Without including any pictures, reproduce the full listing exactly.

> _Data block_:
+++++

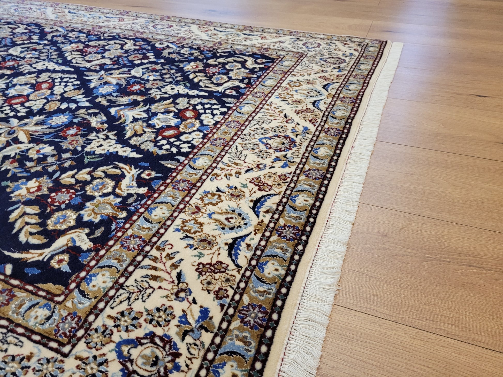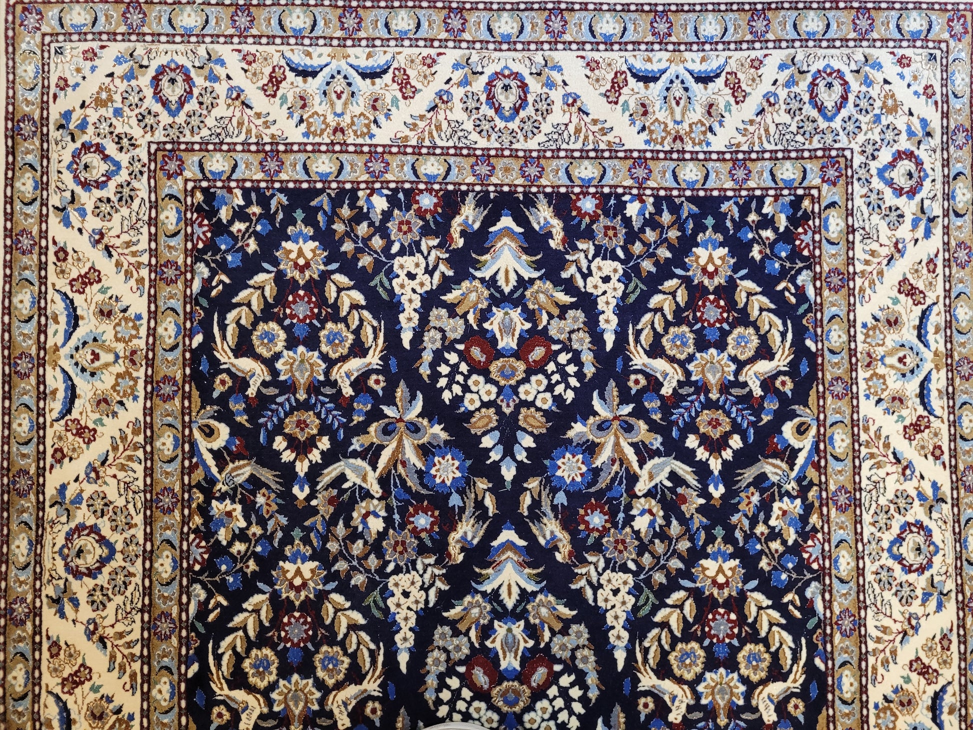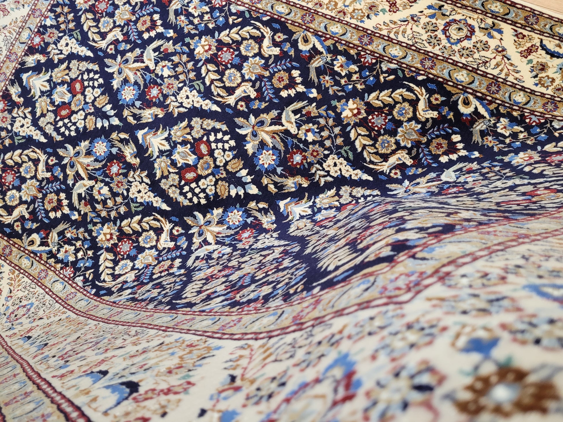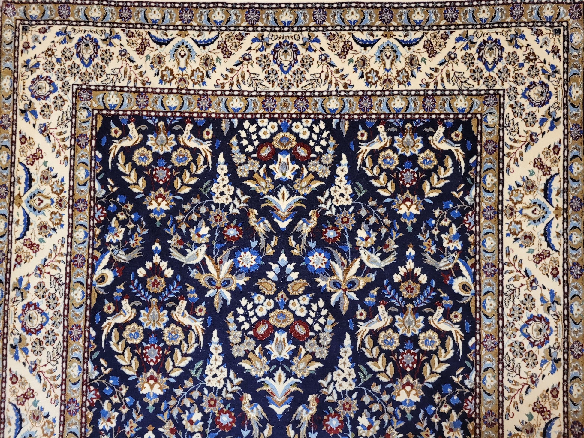 angeboten wird ein prachtvoller Nain Teppich aus feinster Korkwolle mit eingearbeiteter Seide. Dieses Meisterwerk der Knüpfkunst beeindruckt durch sein reich verziertes Felddesign mit floralen Ranken, Blüten und Vogelmotiven, die kunstvoll auf dunkelblauem Grund arrangiert sind. Die Seideneinsätze sorgen für schimmernde Akzente und verleihen dem Teppich eine elegante Tiefe.
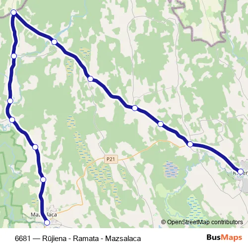 The first stop of the 6681 bus route is Mazsalaca and the last stop is Rūjienas Ao. 6681 (Rūjiena - Ramata - Mazsalaca) is operational during everyday.
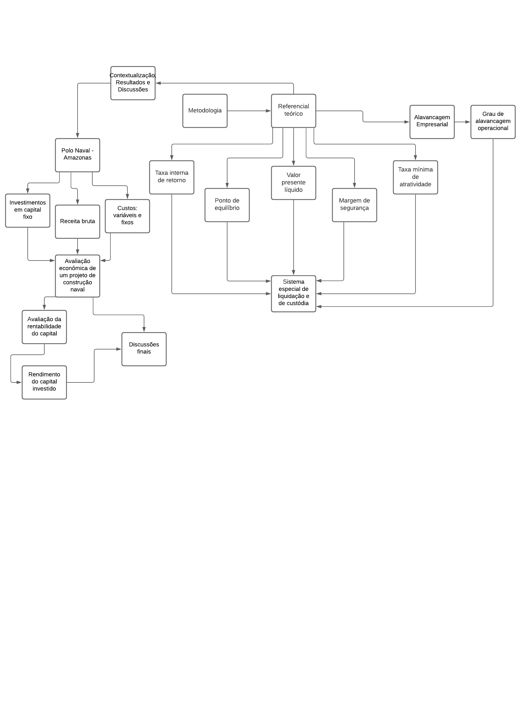 Metodologia Referencial teórico Valor presente líquido Taxa interna de retorno Taxa mínima de atratividade Ponto de equilíbrio Margem de segurança Alavancagem Empresarial Grau de alavancagem operacional Sistema especial de liquidação e de custódia Contextualização, Resultados e Discussões Polo Naval - Amazonas Investimentos em capital fixo Receita bruta Custos: variáveis e fixos Avaliação econômica de um projeto de construção naval Avaliação da rentabilidade do capital Rendimento do capital investido Discussões finais Diagrama em branco Página 1

+++++

> _Response area_:
 angeboten wird ein prachtvoller Nain Teppich aus feinster Korkwolle mit eingearbeiteter Seide. Dieses Meisterwerk der Knüpfkunst beeindruckt durch sein reich verziertes Felddesign mit floralen Ranken, Blüten und Vogelmotiven, die kunstvoll auf dunkelblauem Grund arrangiert sind. Die Seideneinsätze sorgen für schimmernde Akzente und verleihen dem Teppich eine elegante Tiefe.
 The first stop of the 6681 bus route is Mazsalaca and the last stop is Rūjienas Ao. 6681 (Rūjiena - Ramata - Mazsalaca) is operational during everyday.
 Metodologia Referencial teórico Valor presente líquido Taxa interna de retorno Taxa mínima de atratividade Ponto de equilíbrio Margem de segurança Alavancagem Empresarial Grau de alavancagem operacional Sistema especial de liquidação e de custódia Contextualização, Resultados e Discussões Polo Naval - Amazonas Investimentos em capital fixo Receita bruta Custos: variáveis e fixos Avaliação econômica de um projeto de construção naval Avaliação da rentabilidade do capital Rendimento do capital investido Discussões finais Diagrama em branco Página 1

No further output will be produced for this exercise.